Search code examples
c++cyacclex

Lex program won't recognize word when using OR statement


I am running the following lex program which works fine to recognize the sentence about the cat:

%{
        #include <iostream>
        #include <cstdio>
        #include <cstdlib>
        using namespace std;
        extern "C" int yylex();
%}

SP      [ ]+
ARTICLE "le" /* Line I am trying to change */
COMMUN "chat"
VERBE "est"
NOIR "noir"

PHRASE {ARTICLE}{SP}{COMMUN}{SP}{VERBE}{SP}{NOIR}


%%

^{PHRASE}\n     { cout << "Une phrase : " << yytext << '\n'; }

\n              { cout << '\n'; }

^.*\n           { cout << "Ligne inconnue : " << yytext << '\n'; }

%%

int main(int argc, char *argv[])
{
        ++argv, --argc;  
        if(argc > 0)
                yyin = fopen(argv[0], "r");
        else
        yyin = stdin;

        yylex();
} /* main() */

I get the following output:

Ligne inconnue : le professeur est Jean

Ligne inconnue : le professeur a un ordinateur

Ligne inconnue : Jean aime Linux

**Une phrase : le chat est noir**

Ligne inconnue : les etudiants ont des ordinateurs

But, when I try to add an OR statement to the program (for the ARTICLE), the cat sentence is no longer recognized:

%{
        #include <iostream>
        #include <cstdio>
        #include <cstdlib>
        using namespace std;
        extern "C" int yylex();
%}

SP      [ ]+
ARTICLE "le"|"la" /* Line I am trying to change */
COMMUN "chat" 
VERBE "est"
NOIR "noir"

PHRASE {ARTICLE}{SP}{COMMUN}{SP}{VERBE}{SP}{NOIR}


%%

^{PHRASE}\n     { cout << "Une phrase : " << yytext << '\n'; }

\n              { cout << '\n'; }

^.*\n           { cout << "Ligne inconnue : " << yytext << '\n'; }

%%

int main(int argc, char *argv[])
{
        ++argv, --argc;  
        if(argc > 0)
                yyin = fopen(argv[0], "r");
        else
        yyin = stdin;

        yylex();
} 

This will give me the following output :

Ligne inconnue : le professeur est Jean

Ligne inconnue : le professeur a un ordinateur

Ligne inconnue : Jean aime Linux

**Ligne inconnue : le chat est noir**

Ligne inconnue : les etudiants ont des ordinateurs

The input file is just a text file with following lines :

le professeur est Jean

le professeur a un ordinateur

Jean aime Linux

le chat est noir

les etudiants ont des ordinateurs

Can anyone tell me why this won't work? I have tried every variation of the OR statement I can find online and still nothing works.

Thanks!


Solution

  • The flex -l flag is implemented so that it is possible to comtinue to process really old lex specifications which wouldn't otherwise work. For any newly-written scanner, you really don't want that flag. This particular issue is a common reason.

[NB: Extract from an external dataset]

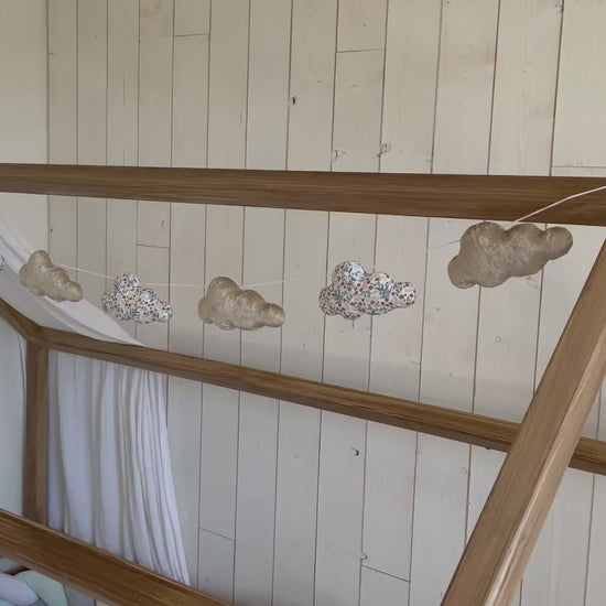 Guirlande de 7 nuages en velours beige et imprimé coton.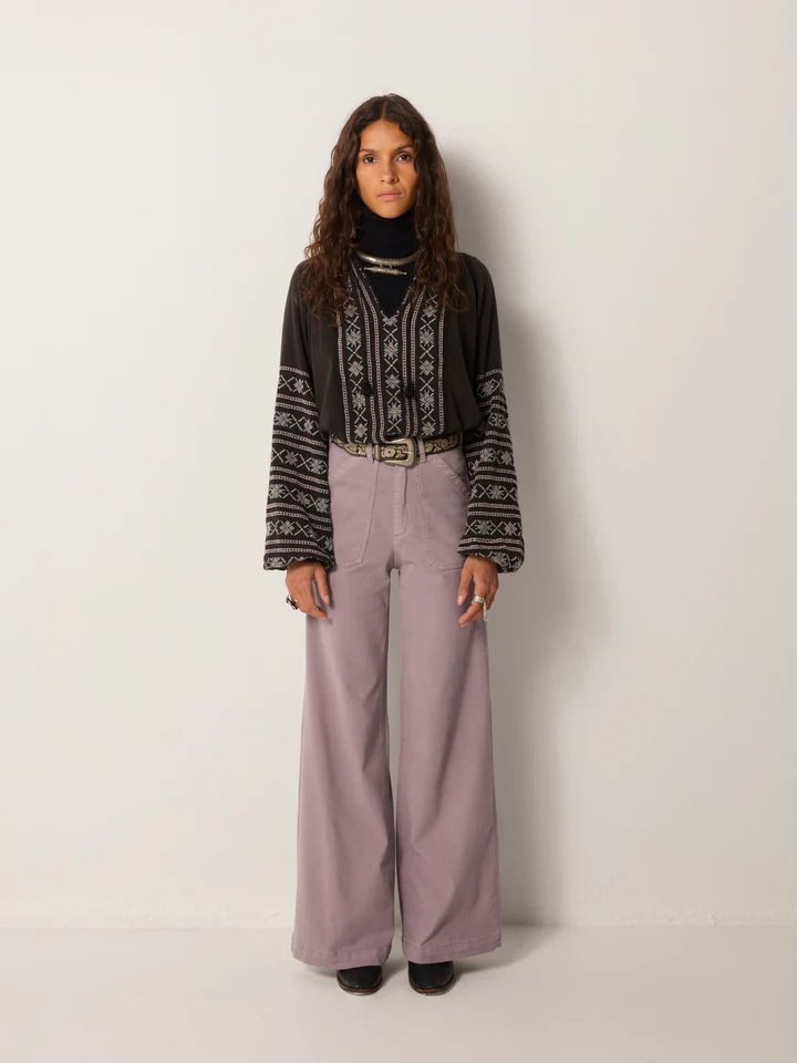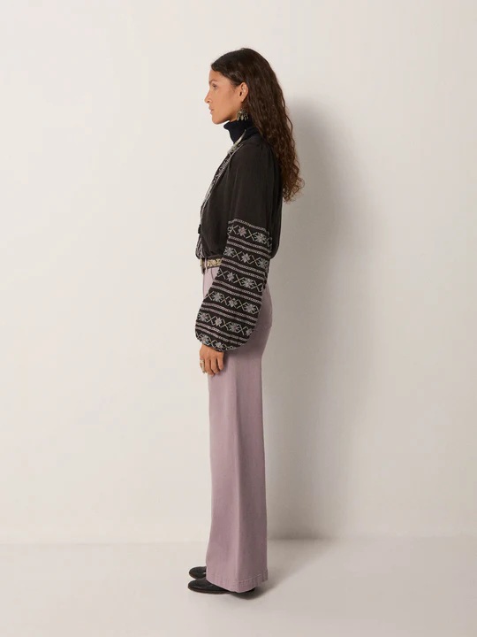 El tono lila se siente fresco, aportando ligereza a un corte de inspiración retro. Sutil pero distintivo, destaca sin abrumar. El corte ancho mantiene el pantalón relajado, mientras que su acabado limpio garantiza un acabado impecable.

    The problem comes from the handling of macro expansion: flex does the common-sense thing, which avoids many common errors; lex (and flex -l), however, make it much easier for you to shoot your foot with a macro definition.

    Just in case it's not obvious, what lex calls a "definition" is, in reality, a macro. And just like C preprocessor macros, lex macros introduce a number of potential misunderstandings.

    I suppose that almost every C programmer who has ever used the preprocessor has stumbled upon this gotcha:

    #define SUM(a,b) a+b    // DON'T DO THIS, EVER
    

    Although you might use this macro successfully in certain contexts, you will eventually discover that

    int c = SUM(a,b) * 2;
    

    computes a+b*2 rather than the expected (a+b)*2. That's because macro substitution is just symbol substitution; if there were no parentheses in the macro, none are generated.

    That's the way lex worked, too, and it's the way the Posix standard says it's supposed to work. But many years ago, the authors of flex realised that pretty well no-one expects definitions like the following to work the way that they do:

    ARTICLE "le"|"la"
    %%
    {ARTICLE}" chat"  { /* Matches either "le" or "la chat" */ }
    

    So flex (usually) automatically inserts the needed parentheses, as though you had correctly defined ARTICLE as:

    ARTICLE ("le"|"la")
    

    However, that's incompatible with the original lex, and it might break old lex programs which depended on the original, annoying-literal semantics.

    So flex provides the -l ("Lex compatibility") option, which can be used to process these old lex programs. But, as I said, it should not be used for any new lex program.

    And just in case the above is not sufficiently convincing, that's not the only bad choice made by the original lex which is preserved by the -l flag. Another one is the bizarre operator precedence of the counted repetition operator {m,n}. In flex,

    ab*   ab+   ab?   ab{0,3}
    

    mean, respectively:

    • "an a followed by zero or more bs"
    • "an a followed by one or more bs"
    • "an a followed by an optional b"
    • "from zero to three repetitions of ab"

    Flex fixes this inconsistency by making the operator precedence of bracket repetition the same as the operator precedence of any other repetition operator, which is undoubtedly what everyone expects. Again, the -l flag reverts to the original lex specification.

    Finally, the -l option makes the default yytext declaration be an array rather than a pointer. While this can make a few things easier, on the whole it brings a some important disadvantages, including:

    • it's a lot slower.
    • it prevents the scanner from resizing its buffer to cope with long tokens

    The bottom line: Don't use the flex -l option (nor, while we're on this subject, the bison -y option) unless you need it to compile legacy code.